An evangelist of organs, Colin Nicholls produced a CD in 2005 to celebrate several of Cork's hidden organs, along with a dossier on their location, makers and condition. Among them was the organ at the long-deconsecrated Christ Church, latterly the Cork Archives Institute and now awaiting restoration and repair at the discretion of Cork City Council. The organ there was built in 1878 by T.C. Lewis of London and restored with the help of the Carnegie Trust, the City Council and the VEC; it is still so eminently playable that for a time it served as a teaching instrument for the Cork School of Music, though the accumulation of archive material has dampened the church's previously enviable acoustic.
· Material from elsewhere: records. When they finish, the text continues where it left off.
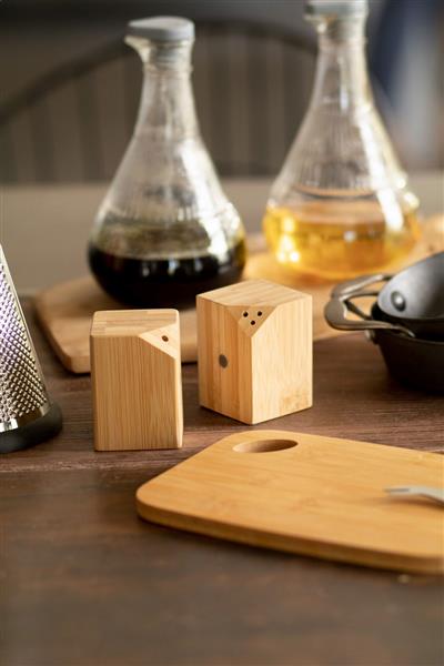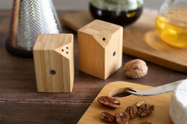 Bambusowy zestaw składający się z solniczki i pieprzniczki. Zestaw zawiera wbudowane magnesy w celu łatwiejszego przechowywania.
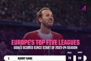 體育資訊10月16日訊 根據(jù)OPTA的統(tǒng)計(jì),自2023-24賽季以來,凱恩是五大聯(lián)賽進(jìn)球最多的球員,他69場聯(lián)賽打進(jìn)73球。
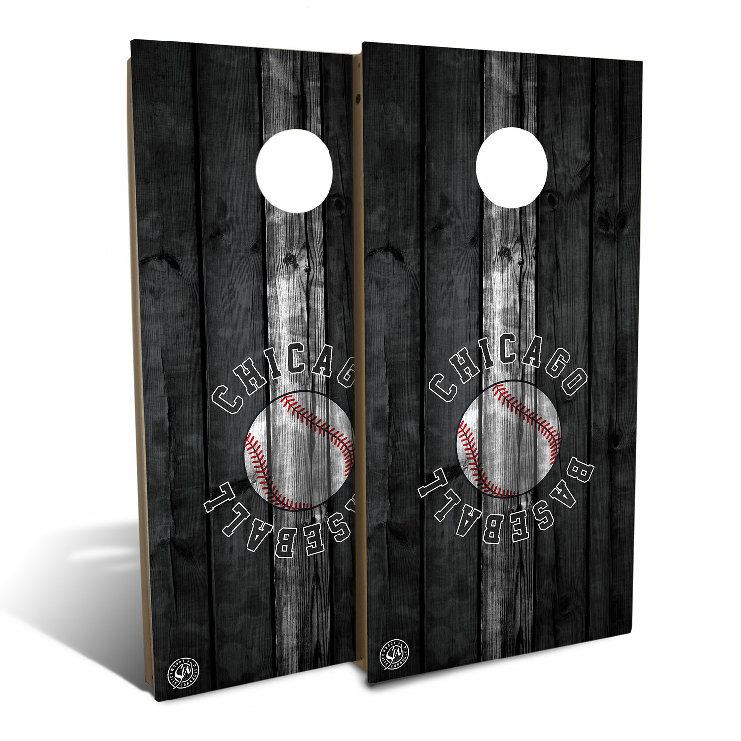 Chicago Black and White Baseball Backyard // Cornhole Board Set
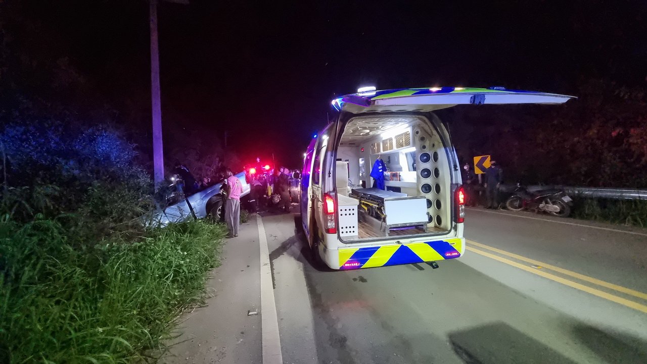 เมื่อเวลา 18.10 น. วันที่ 27 ต.ค.65 ตร.สภ.ด่านซ้าย จ.เลย แพทย์ รพร.ด่านซ้าย กู้ภัยสัจจะไมตรี กู้ภัยสว่างคีรีธรรม จุดด่านซ้าย พร้อมเครื่องตัดถ่างเดินทางไปที่เกิดเหตุ รถกระบะพุ่งชนเสาไฟฟ้าคนขับถูกอัดก๊อปปี้เสียชีวิต ที่ถนนสายด่านซ้าย-ปากหมัน ก่อนถึงบ้านนาข่า ต.ปากหมัน อ.ด่านซ้าย ที่เกิดเหตุ พบรถ จยย.ฮอนด้า รุ่นซูโม่ สีเขียว ทะเบียน 1 กข 3684 เลย ถูกรถกระบะอีซูซุแค็ป สีบรอนด์เงิน ทะเบียน บต 8689 เลย ชนคนขี่และคนซ้อนได้รับบาดเจ็บเล็กน้อย ส่วนรถกระบะเสียหลักพุ่งชนเสาไฟฟ้าริมทาง สภาพหน้ารถพังยับเยิน คนขับชื่อนายวีรวัฒน์ ขุนทอง อายุ 27 ปี อยู่ ต.คลองยาง อ.เกาะลันตา จ.กระบี่ ถูกอัดก๊อปปี้เสียชีวิตในรถ กู้ภัยฯ ใช้เครื่องตัดถ่างงัดประตูนาน 20 นาที จนสามารถนำร่างออกมาได้ ส่งชันสูตรพลิกศพที่ รพร.ด่านซ้าย
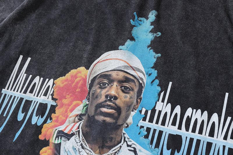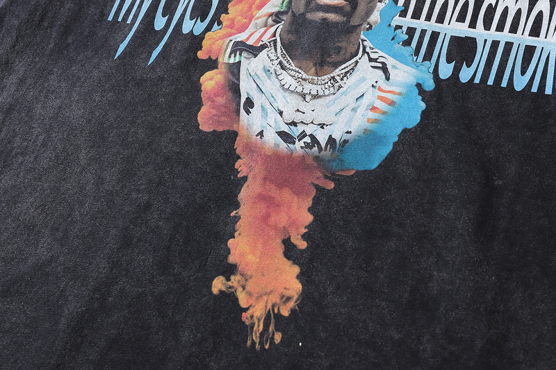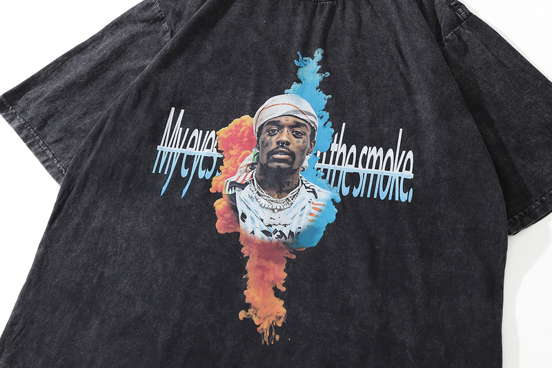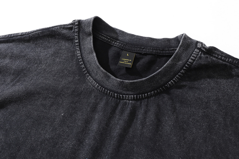Чёрная футболка с принтом ТКРА имеет круглый вырез и свободный крой
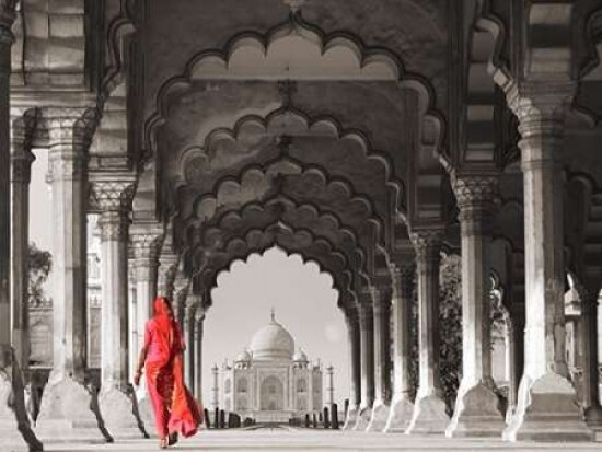 Woman in traditional Sari walking towards Taj Mahal Poster Print by Pangea Images - Item # VARPDX3AP3722

A new organ has been commissioned for the Cork School of Music and the casework and facade pipes are now being built in by Neilands. For students this will replace lessons on the 3,012-pipe organ at St Fin Barre's which was built by William Hill in 1870 and recased by the Cork organ-builders T.W. Magahy. Moved to its present position in a specially-excavated pit in the north transept in 1889 it is separate from its curtained console behind the pulpit.

It is from here that Colin Nicholls (most recently supported by assistant organist James Taylor) has been a mainstay of the cathedral's tradition of worship. His long commitment and contribution to the life of the cathedral will be celebrated there at the sung Eucharist at 11.15 on Sunday week, September 16th.

His successor is Malcolm Wisener of St Bartholemew's Church in Clyde Road, Dublin and chorus master of the Culwick Choral Society, who takes up the position of organist and director of music at the cathedral next month.

As every church organisat knows, the real job description is that of keeping the whole earth "in tune with heaven". So it's not really like working with horses after all.